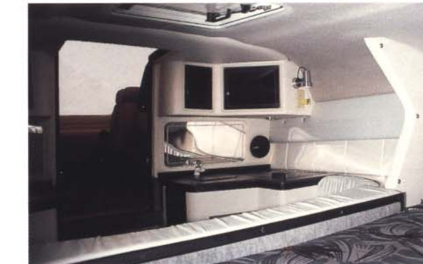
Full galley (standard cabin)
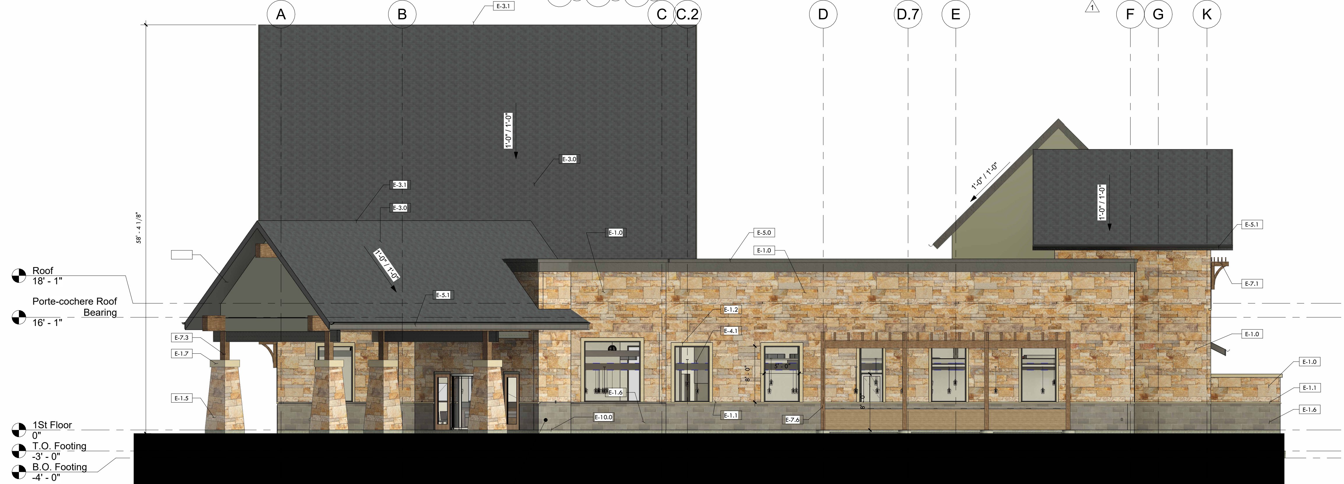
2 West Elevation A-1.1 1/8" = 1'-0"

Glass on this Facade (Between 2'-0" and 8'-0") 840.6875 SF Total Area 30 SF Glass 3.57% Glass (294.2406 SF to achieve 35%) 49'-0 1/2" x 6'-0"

•••

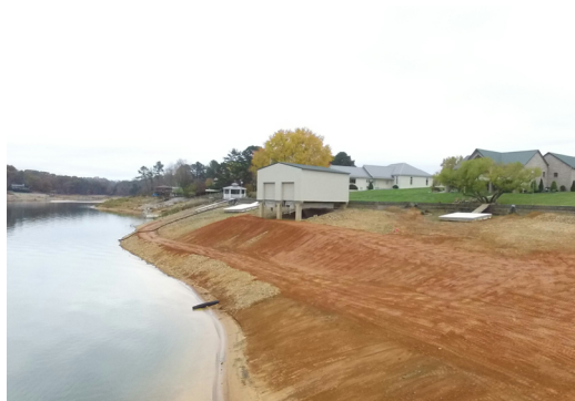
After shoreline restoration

•••

## Exercise
Print an exact copy of the lines above, from the one containing "Full galley (standard cabin)" through the one containing "Glass on this", and leave out the pictures.

## Response to this task
Full galley (standard cabin)
2 West Elevation A-1.1 1/8" = 1'-0"

Glass on this Facade (Between 2'-0" and 8'-0") 840.6875 SF Total Area 30 SF Glass 3.57% Glass (294.2406 SF to achieve 35%) 49'-0 1/2" x 6'-0"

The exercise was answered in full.